Dunne's residual profile and media focus on Ohariu may well keep him clear of the "overhang". And United Future and National are sure Dunne will win Ohariu; their polling tells them so. Labour candidate Charles Chauvel says Labour's polling shows Dunne third. Judge who is right against the news that this is shaping as a down year for Labour.
But this is probably Dunne's last ride. In 2008 he beat Chauvel by just 1006. He thought he was a goner for a while on election night.
Brash is more useful to John Key and Co -- or is he?
John Banks winning Epsom (as Hide would have done) adds more seats than Dunne to National's total. Hide got five seats with 3.65 per cent in 2008. ACT is now polling around 2 per cent, three seats worth. If four, some hope Catherine Isaac, an able former president, will be in the mix.
That is a fraction of the 15 per cent Brash talked of in April as a modest target.
Even five seats would give Brash little leverage for his tough policy demands. He would support National but not take a ministerial post. Hide has a legacy in the little-noticed but important regulatory reform he drove. What can Brash negotiate post-election for his legacy?
Some in National expect Banks to become leader and morph into a National MP in ACT drag, much as Jim Anderton by 2005 was a Labour MP in Progressive drag.
A re-elected Dunne would be Revenue Minister, which he has been with both Labour and National. Now well established, he could count on some more wins to add to his list.
But even if he were to lift his party vote, he won't bring in with him party president Judy Turner, a well-liked 2002-08 MP who is sticking to local politics as Whakatane's deputy mayor.
Turner invited United Futurists to rethink politics.
Most politics is presented as "problem" inviting "solution". Politicians feel needed. Turner says that is to see things through a "deficit" lens. Instead, she wants a "strength" lens.
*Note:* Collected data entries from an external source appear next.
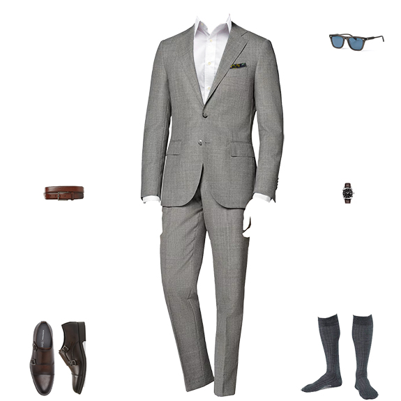 The Suit: Suitsupply Grey Tropical Wool Suit – $499. Ships and returns for free. Vitale Barberis Canonico Italian tropical wool specifically woven for a lighter weight and extra breathability. Plus the color & styling are versatile enough that the jacket and trousers can easily be broken up and worn with other items, separately, if you’re traveling to the wedding and need to pack light. Wear the trousers with a polo for lunch. Wear the jacket with contrasting chinos for the rehearsal dinner. Lots of options. Do know that Suitsupply makes their suits with functioning sleeve cuff buttons. Which is a neat little detail if the sleeves hit your wrists just right. If not, they can be a real (expensive) pain to tailor. But again, they ship and return for free.
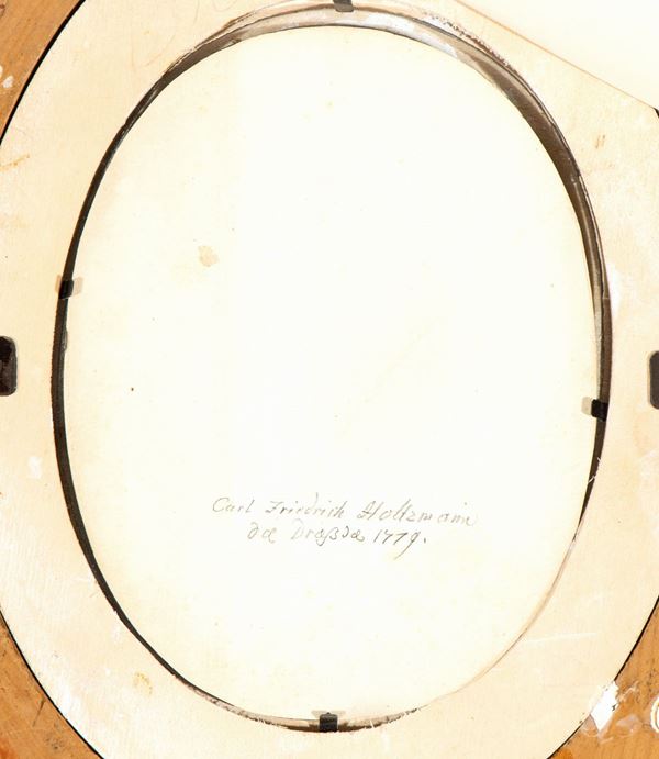a) Il disegno reca al verso iscrizione a matita: "CARL FRIEDRICH HOLLZMAN DA DRESDA 1779". Al verso della tavoletta un foglio con iscrizione dedicatoria in tedesco datata 29/01/1930. b) Il disegno reca al verso iscrizione a matita: "C. F. HOLLZMAN DA DRESDA 1779". Al verso della tavoletta un foglio con iscrizione dedicatoria in tedesco datata 29/01/1930.
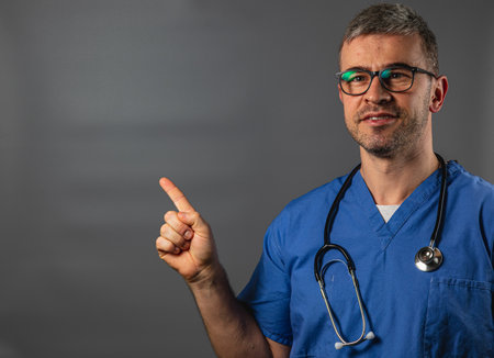 A healthcare professional in blue scrubs points upward, engaged in a discussion about patient care. The backdrop is neutral, enhancing focus on the doctor’s expression.
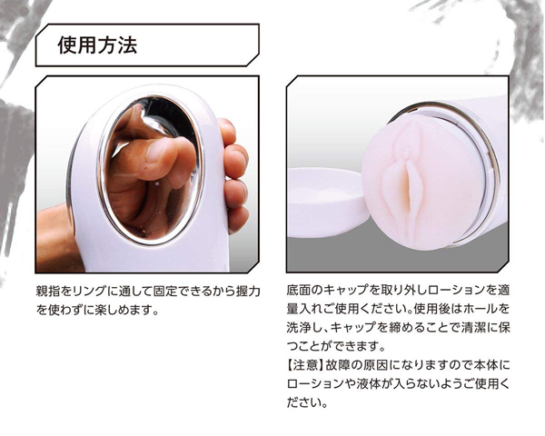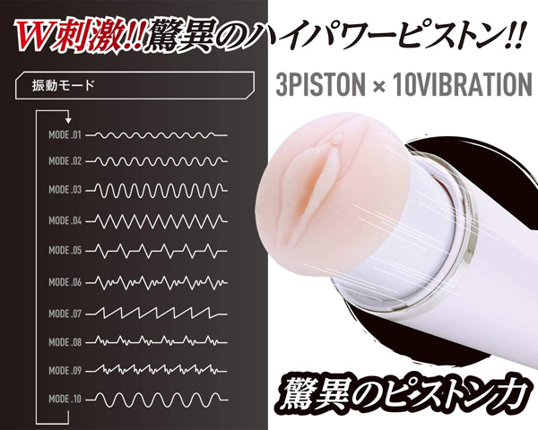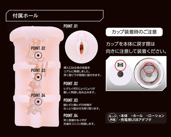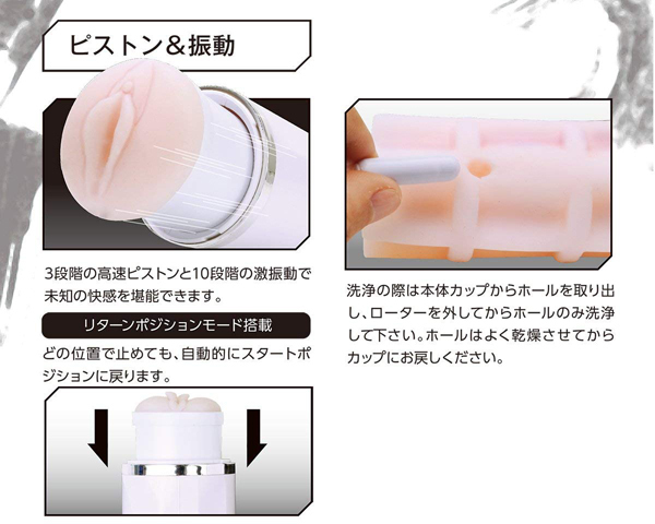 | 握力いらずで快感に集中できる、驚異のハイパワーを実現したピストンオナホ!ダブルの刺激とハイパワーが自慢のピストンモードを搭載したカップ型の電動オナホは他に類を見ません♪3段階の高速ピストンと10段階もの激振動で、これまでにない未知の快感を体感できます!本体上部の空洞部分には親指を通して固定できるので、握力をさほど使わずに使用可能。 付属のホールはリアルな形状で、挿入口付近はヒダとイボのジョリジョリが貴男の息子を優しく刺激♪縦ヒダと横ヒダの肉塊とねっとり絡みつく快感、突く度に先端を襲うイボによるコリコリ刺激がたまりません!ご使用後はホールを取り外して洗浄可能♪電源はUSB充電式で、4時間の充電で約40分の連続使用が可能です。 |
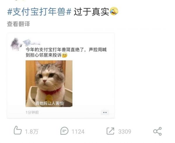 集齐五福后,支付宝新开辟了“打年兽”游戏,语音喊“牛”的“声控局”最为魔幻。有网友评论:“喊到担心邻居来投诉”“沙发上的妈妈觉得我疯了”。
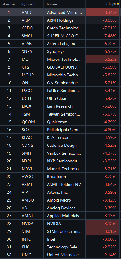 Chip Stocks Plunged. AMD, ARM and Credo down 8%; SMCI down 7%; Astera, Synopsys, Micron and Globalfoundries down 6%; TSMC and Qualcomm down 5%; Nvidia down 3%.
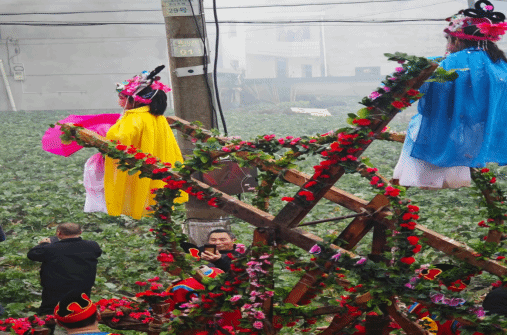 在与方主任的交流过程中我们了解到,露台这门独特的民间艺术,已濒临失传,露台表演队伍日趋减少。目前,唯有富山、瑶山两地有此项活动,其他地方均已绝迹。艺术人才流失,尤其是露台道具的制作艺人和露台表演艺人,后继乏人。近几年,国家和省里都加大了非遗保护传承力度,富山村也在积极的推进非遗的保护和传承工作,村里一些年轻人也开始意识到文化保护的重要性,积极参与到露台秋千的保护和传承工作中来。这为秋千露台的传承注入了新的活力和希望。
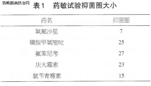 根据药敏试验,选用普疾宁(10%氟苯尼考溶液) 每瓶兑水200斤,新力爽1袋兑水400斤,混合饮水5天,病情得到控制,3天后日死亡率降至0.2%,4天后基本上停止死亡。
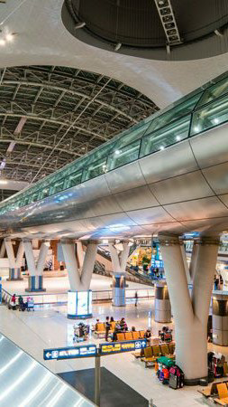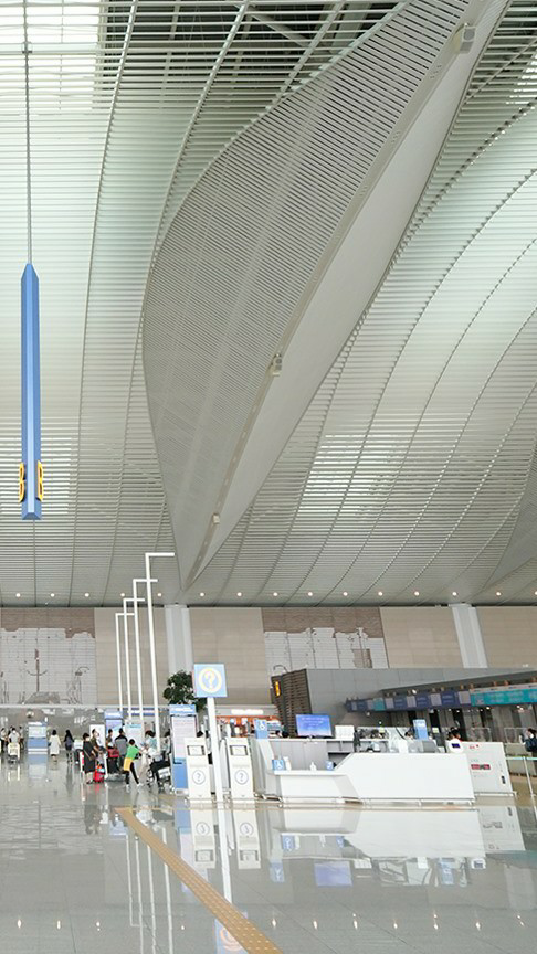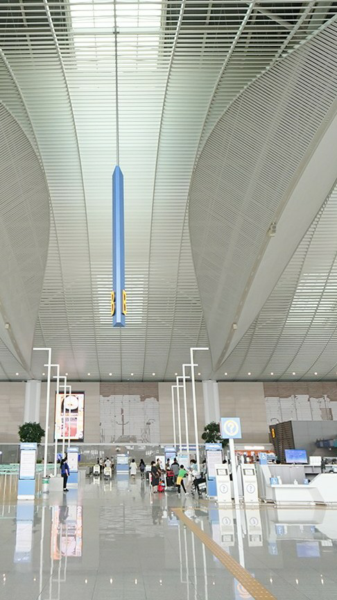 나는 비행기를 타러 가기 위해 통로로 나섰다.
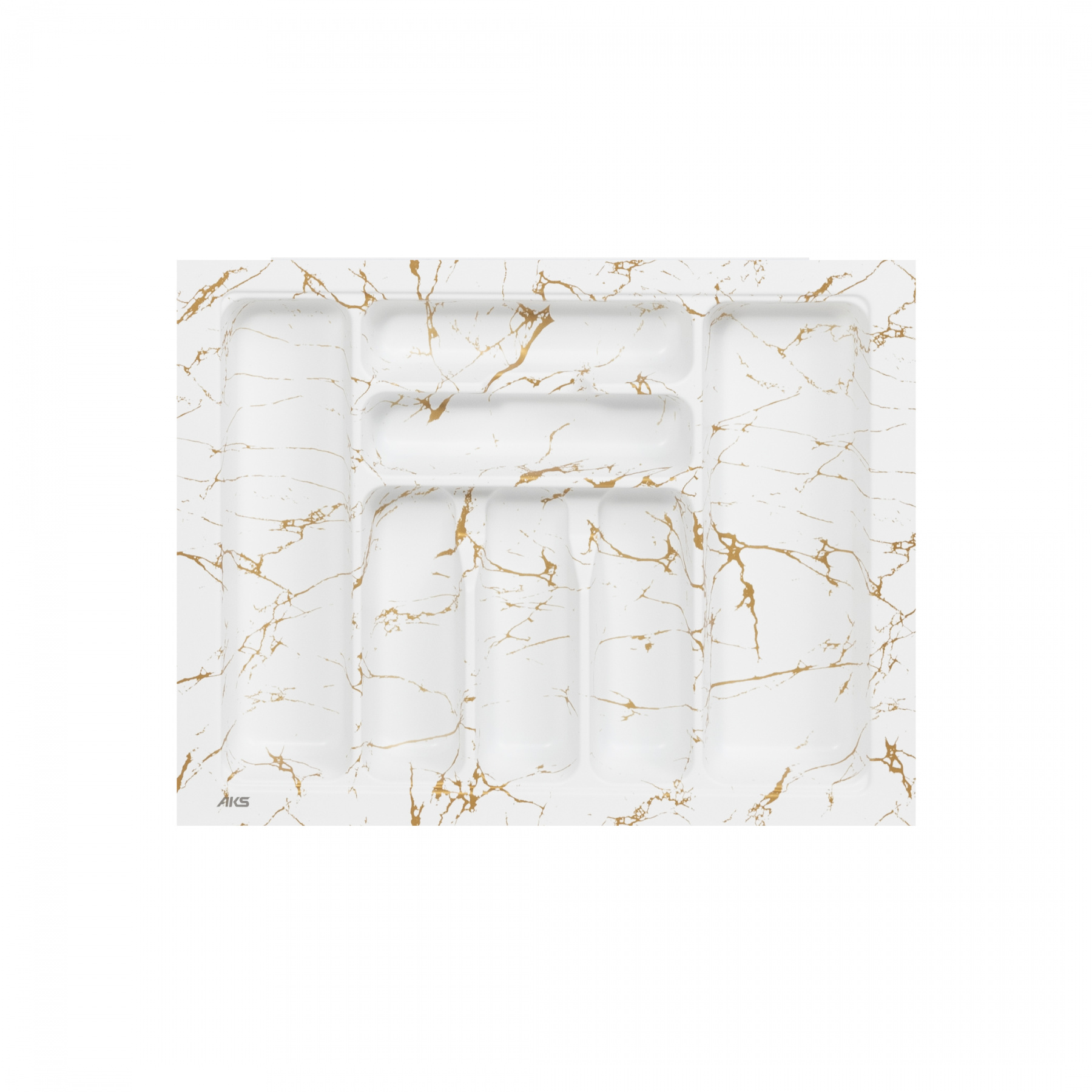 Лоток для столовых приборов 600 MARBLE 540*430, бело-золотой мрамор AKS
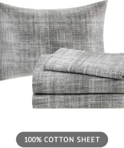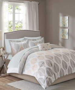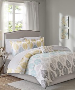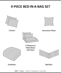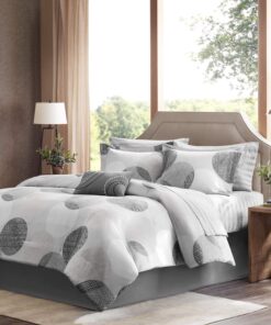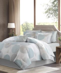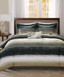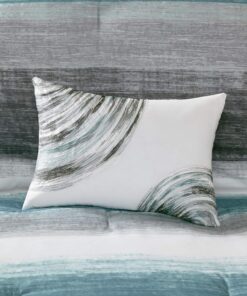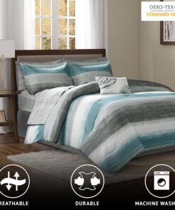 The Madison Park Essentials Saben 9 Piece Complete Bed and Sheet Set provides a casual and modern update to your bedroom. A printed watercolor stripe motif, in aqua, grey, and white hues, is beautifully displayed on the ultra-soft microfiber comforter. The coordinating shams complement the pattern seen on top of the bed to pull the ensemble together. A 100% cotton sheet set includes a fitted sheet that fits up to a 16-inch mattress, a flat sheet, and two pillowcases in a textured grey hue to complement the casual style of the comforter. Completing the look is an embroidered decorative pillow in coordinating colors, while a solid grey bed skirt adds a creates a crisp finish to this incredibly soft complete bed and sheet set.
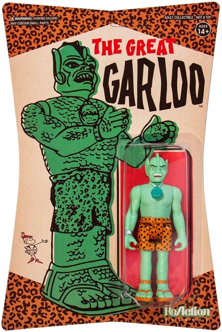 En 1961 un juguete nuevo tomó Estados Unidos como una ola. El Gran Garloo, uno de los juguetes más famosos para los coleccionistas de muñecos vintage, viene ahora en forma de figura de 10 cms gracias a Super7 y ReAction Figures. Este hombre anfibio tiene licencia oficial y viene en un blíster totalmente retro con estampado de leopardo y una ilustración del Gran Garloo en color verde con tinta negra. Está hecho de vinilo y tiene una textura en relieve que imita las escamas de la criatura.

She cited a 14-year-old who ticked the school box as failing but was actually ensuring siblings were being fed, got to school and kept safe with her aunt when their addict mother went off the rails. Building on her "strengths" would be more productive than fixating on her "deficits".
Most psychologists know this. Turner uses it with addicted men. She pressed her party to apply it to politics and policy -- to (paraphrasing her) focus on "opportunity" and how to seize it.
Dunne missed that cue in his speech, talking of people feeling they had too little choice in an unfair world. Downtown, Brash railed at the problem of bad teachers and bad schools (and bad grammar) and urged "free schools" as the solution (as Lockwood Smith once did, thereby getting himself sacked).
Turner is one of those sunny people who bring light into a room. With the attack ads and character assassination soon to start, Whakatane might not be a bad place in which to hole up for the election season.
* The original column referred to Catherine Isaac as Catherine Judd, which was her name while president of ACT.
Also, an afterthought: another way Peter Dunne winning Ohariu might not add a seat to National's side would be if National would have got the last list quota seat if Katrina Shanks had won.